La Walkyrie à la Bastille

Après la scène finale du prologue (L’Or du Rhin) de la Tétralogie, celle où les dieux gravitent autour du Walhalla, une production de La Walkyrie , signée Calixto Bieito pour la mise en scène, est attendue, qui devrait ramener le drame vers l’humain – avec les jumeaux Siegmund et Sieglinde, mais aussi avec les désaccords liés à l’amour, au devoir et à la famille. Calixto Bieito, adepte de métaphores visuelles fortes et de décors symboliques, devrait approfondir sa vision de Wagner en accusant le contraste entre hauteurs mythiques ou divines d’une part, et vécu intime des personnages d’autre part. Esthétique radicale, provocante On sait que Bieito aime les provocations : non seulement par son utilisation de l’image mais aussi par la mise en espace qu’il opère des personnages, des corps et du pouvoir. Ainsi, lorsqu’il présente Fricka en tant de juge ou déesse du mariage, ou qu’il installe Brünnhilde au cœur d’un dilemme filial et divin.
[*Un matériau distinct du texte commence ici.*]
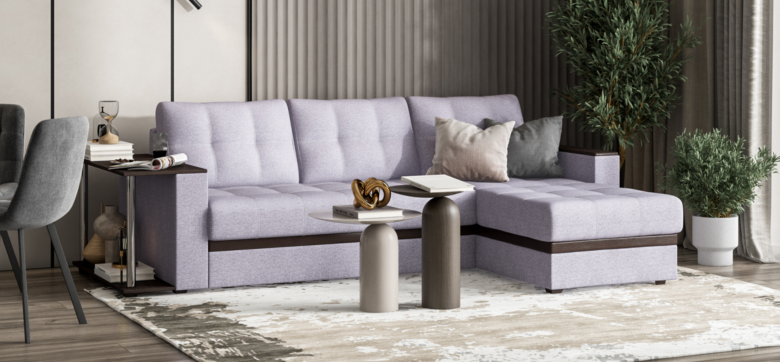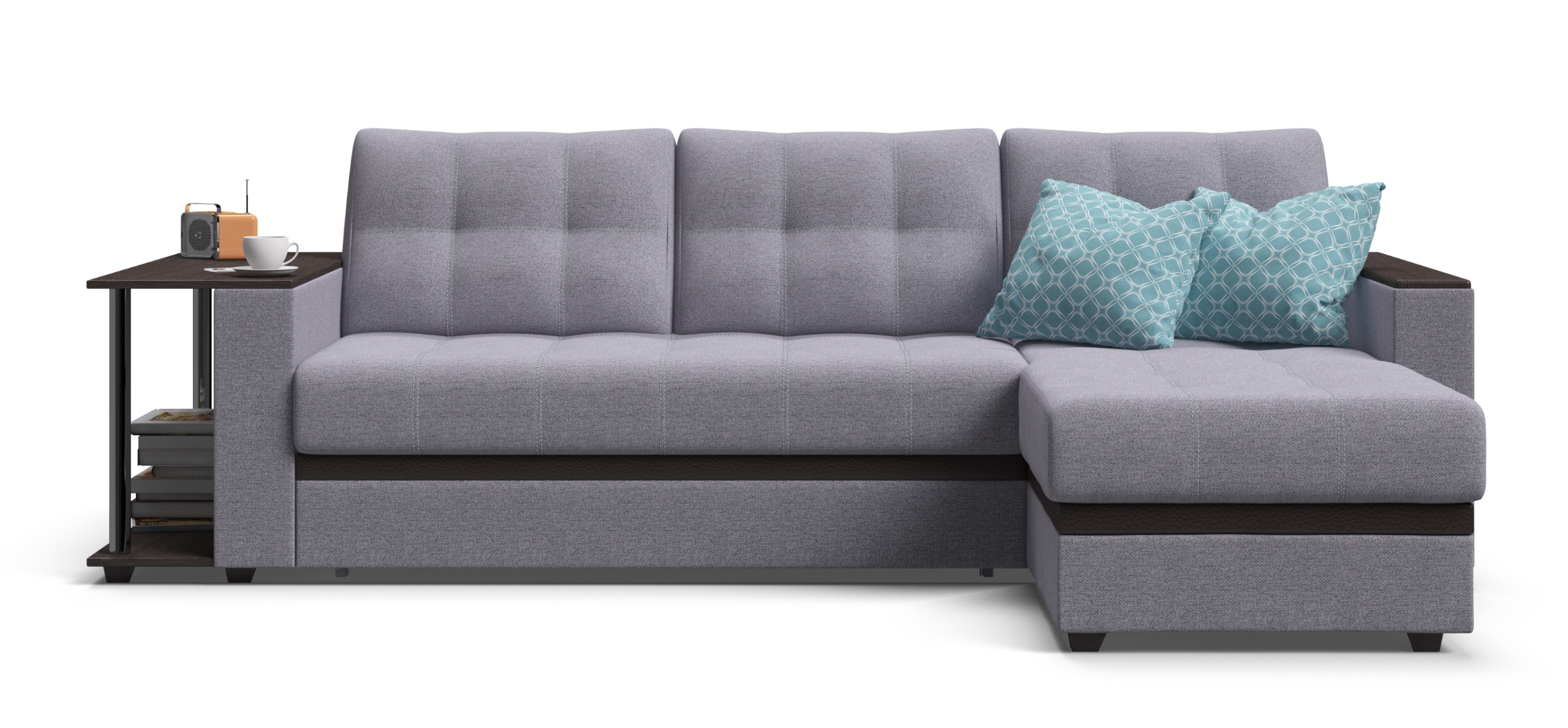 Угловой диван Атланта, благодаря своему элегантному и практичному дизайну, замечательно дополнит интерьер Вашей гостиной. Надежный и простой механизм трансформации Дельфин идеален для постоянного использования и выдерживает большие нагрузки.

Le décor devrait mêler grandiose (éclairages, effets de masse, verticalité) et terre à terre (corps humains, décors usés), soulignant l’opposition entre l’absolu et le concret. Un engagement dramatique renforcé La Walkyrie est souvent considéré comme le volet du Ring où les tensions entre ordre cosmique et destin vs volonté humaine sont les plus puissantes. La mise en scène aura à jouer avec les ombres de la tragédie : que signifie être libre sous la tutelle divine, être en conflit avec ses propres origines (inceste, fratricide, loyauté, révolte) ? Cohérence visuelle et dramaturgique d’un cycle Si L’Or du Rhin a été jugé par certains trop éclaté dans ses temps visuels ou ses métaphores, La Walkyrie pourrait être l’occasion pour Bieito de renouer avec l’équilibre entre le sublime mythique et la douleur humaine, de resserrer son propos scénique sans pour autant sacrifier l’immensité du décor et la grandeur de l’univers wagnérien.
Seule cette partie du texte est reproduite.